▶ _Stored data_:
== Segment start ==
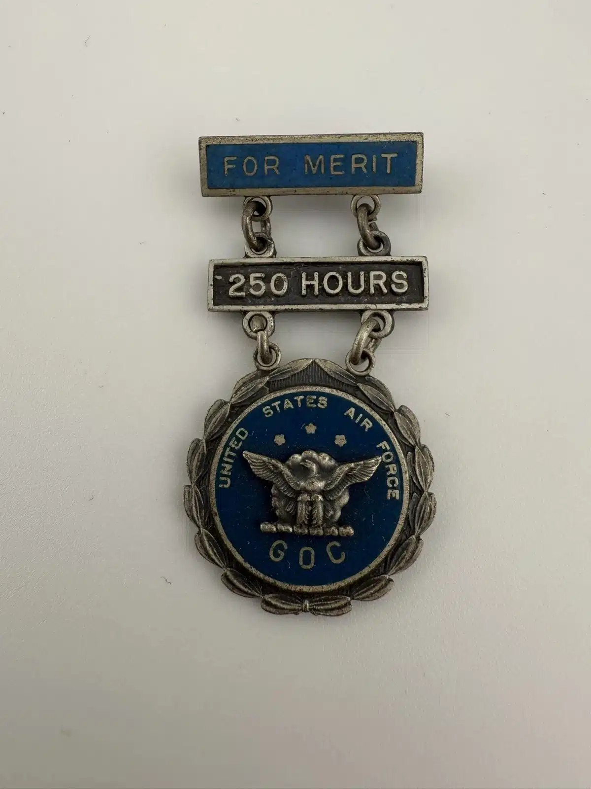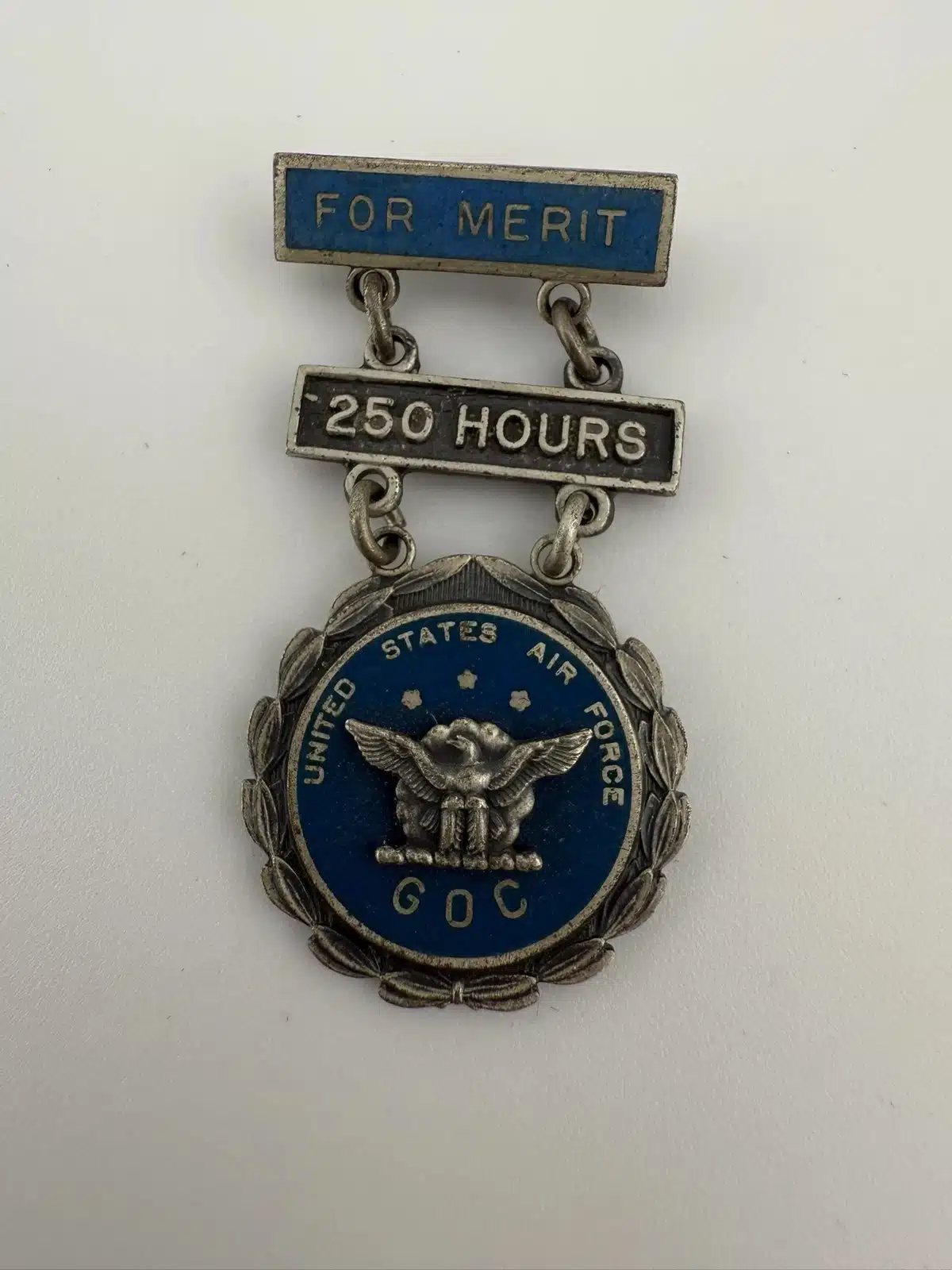 The United States Air Force GOC Ground Observer Corps For Merit Pin recognizes individuals who have dedicated 250 hours of service.
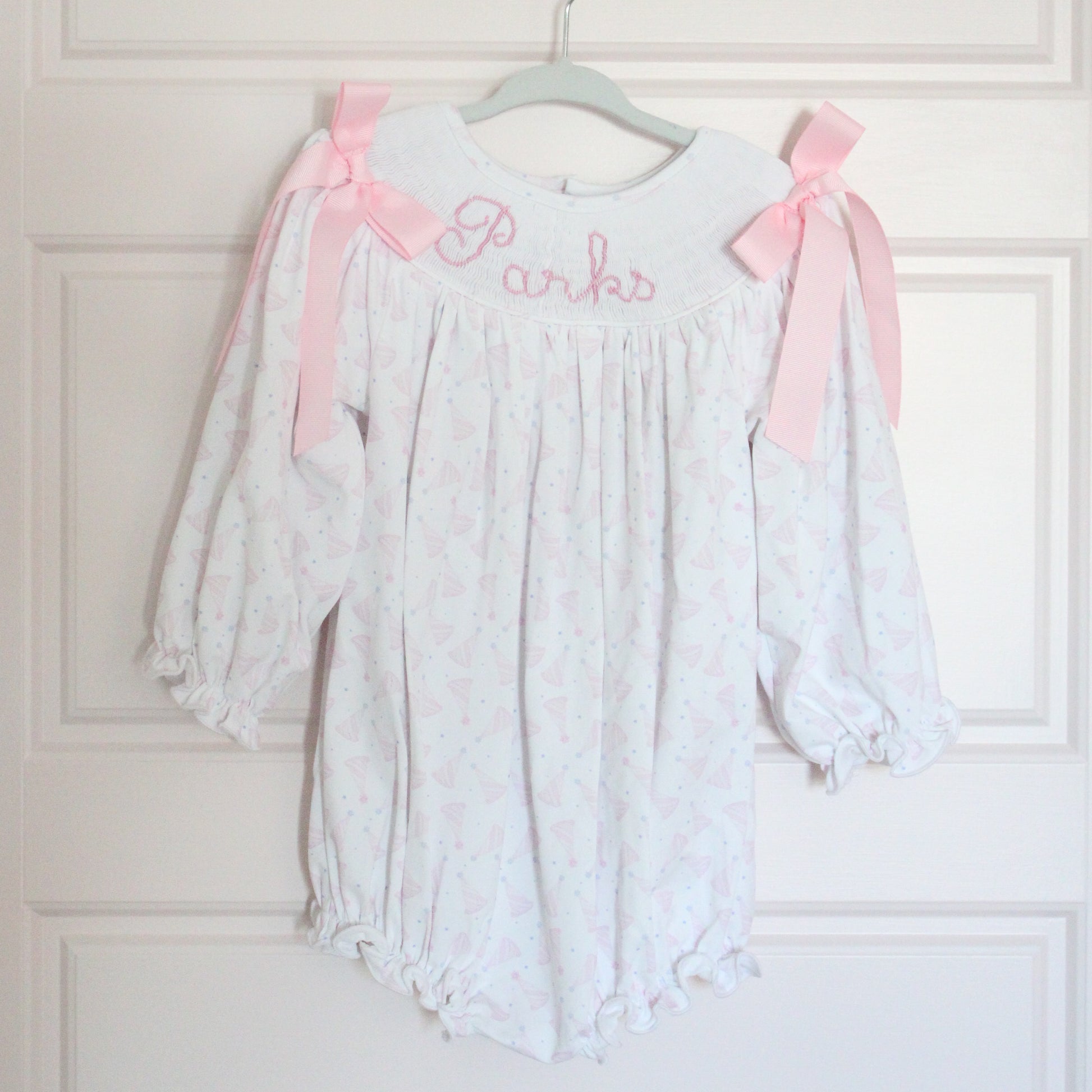 GIRLS BIRTHDAY NAME SMOCKED BISHOP BUBBLE
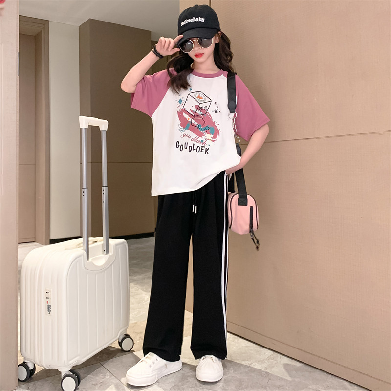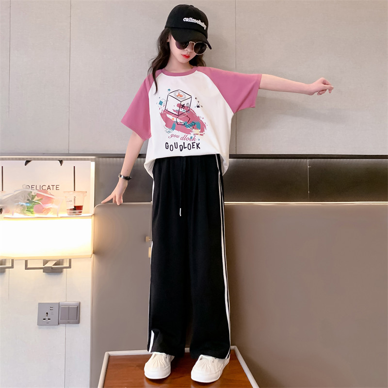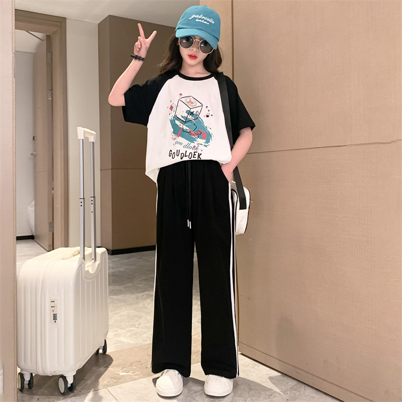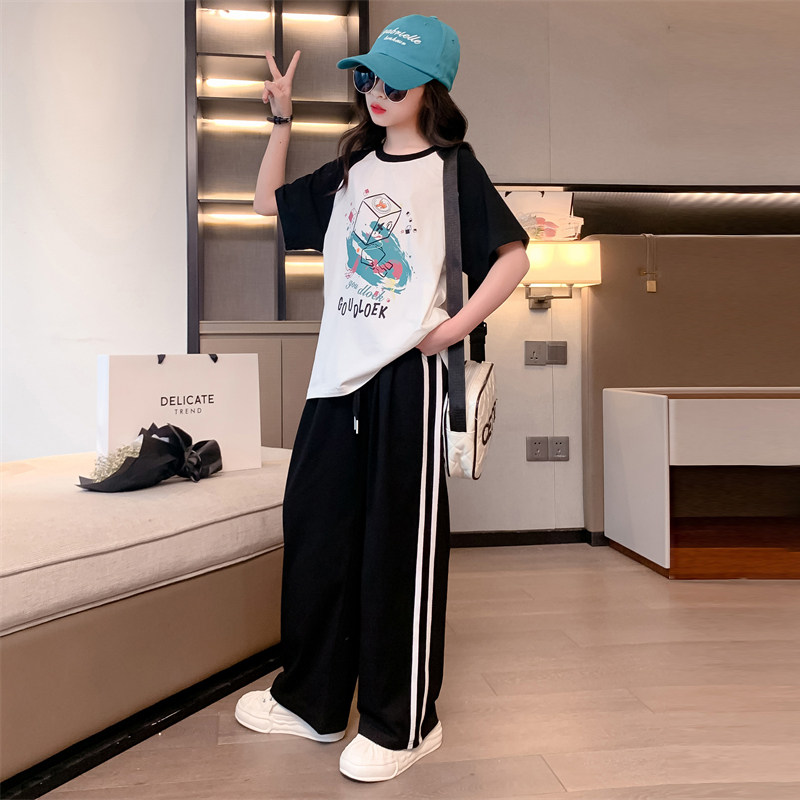 女童夏装套装2026新款儿童洋气运动短袖中大童纯棉夏季休闲两件套
== Segment end ==
▶ _Exercise description_: Pictures are not part of the copy. Please reproduce the material word for word.

▶ _Completed task_:
 The United States Air Force GOC Ground Observer Corps For Merit Pin recognizes individuals who have dedicated 250 hours of service.
 GIRLS BIRTHDAY NAME SMOCKED BISHOP BUBBLE
 女童夏装套装2026新款儿童洋气运动短袖中大童纯棉夏季休闲两件套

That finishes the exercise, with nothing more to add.